Tables 1, 2, 3 and 4 present the features contained in these specific datasets. It is worth mentioning that the final dataset practically has the same features as the Scopus dataset, except for having the “data_source” feature, which characterizes the original dataset (arXiv, bioRxiv, medRxiv, PubMed or Scopus) of a record.
Table 1.
The metadata of articles contained in the PubMed dataset.
| Feature | Description |
| pubmed_id | The MEDLINE identifier of a manuscript. |
| doi | The DOI of a manuscript. |
| title | The title of a manuscript. |
| abstract | The abstract of a manuscript. |
| publication_date | The date of publication of a manuscript. |
| author_affil | A list of Python dictionaries that contains the authors and their affiliations’ information in a manuscript. |
| auth_keywords | A list of authors-provided keywords contained in a manuscript. |
| vehicle_name | The name of source where a manuscript was published. |
Table 2.
The features of articles contained in the Scopus dataset.
| Feature | Description |
| id | The identifier key of a manuscript. |
| doi | The DOI of a manuscript. |
| pubmed_id | The MEDLINE identifier of a manuscript. |
| title | The title of a manuscript. |
| abstract | The abstract of a manuscript. |
| publication_date | The date of publication of a manuscript. |
| citation_num | The number of citation of a manuscript. |
| language | The language of a manuscript. |
| production_type | The type of source where a manuscript was published. |
| source_type | The type of source where a manuscript was published (short version of “production_type”). |
| auth_keywords | A list of authors-provided keywords contained in a manuscript. |
| index_terms | A list of index terms (these are just one category of those Scopus provides in the web version). |
| subject_areas | The research fields or subject areas related to a manuscript. |
| authors | A list of Python dictionaries that contains the authors/researchers’ information (Scopus ID and complete name) of a manuscript. |
| affiliations | A list of Python dictionaries that contains the authors affiliations’ information (Scopus ID, name and country) of a manuscript. |
| author_affil | A list of Python dictionaries that contains the authors and their affiliations’ information (authors’ Scopus ID, authors’ complete name, affiliations’ Scopus ID, affiliations’ names and affiliations’ countries) in a manuscript.

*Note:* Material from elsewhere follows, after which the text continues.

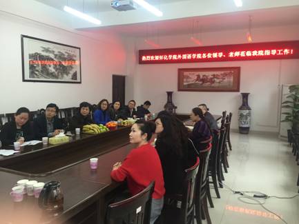 2016年4月7日,怀化学院yL23411永利集团官网登录于洁院长、院党总支副书记杨育、副院长刘巧燕一行九人来我院交流,我院贺学耘院长、郭友文书记等领导接待了来访客人,双方在外语楼二楼会议室进行了座谈。

In summary, it is a combination of the “authors” and “affiliations” features. |
| vehicle_name | The name of source where a manuscript was published. |
| publisher | The publisher’s name of a manuscript. |
| issn | The ISSN belonging to the “vehicle_name”. If E-ISSN is known to Scopus, this returns both ISSN and E-ISSN in random order separated by blank space. |
| ref_count | The number of references of a manuscript. |
| references | A list of Python dictionaries that contains the references’ information (Scopus ID, title, DOI and authors) of a manuscript. |
Table 3.
The metadata of articles contained in the arXiv dataset.
| Feature | Description |
| id | The identifier key of a manuscript. |
| subject_areas | The research fields or subject areas related to a manuscript. |
| title | The title of a manuscript. |
| authors | A list with the authors/researchers’ complete name of a manuscript. |
| abstract | The abstract of a manuscript. |
| publication_date | The date of the last update of a manuscript. |
Table 4.
The metadata of articles contained in the bioRxiv/medRxiv dataset.
| Feature | Description |
| id | The identifier key of a manuscript. |
| doi | The DOI of a manuscript. |
| title | The title of a manuscript. |
| abstract | The abstract of a manuscript. |
| publication_date | The date of publication of a manuscript. |
| author_affil | A list of Python dictionaries that contains the authors and their affiliations’ information in a manuscript. |
| source | This feature indicates whether a manuscript was extracted from bioRxiv or medRxiv platforms. |
2. Experimental design, materials and methods
The process of data collection can be seen in Fig. 1. For each database, a specific dataset was generated using Web Scraping tools and techniques [1] to collect its respective metadata. Next, using Pandas tool [8], all specific datasets were preprocessed (data cleaning and normalization, e.g.) and merged, as well as the duplicated records were removed, thus, generating our new dataset.
Fig. 1.
Methodology of COVID-19 Production Data Collecting.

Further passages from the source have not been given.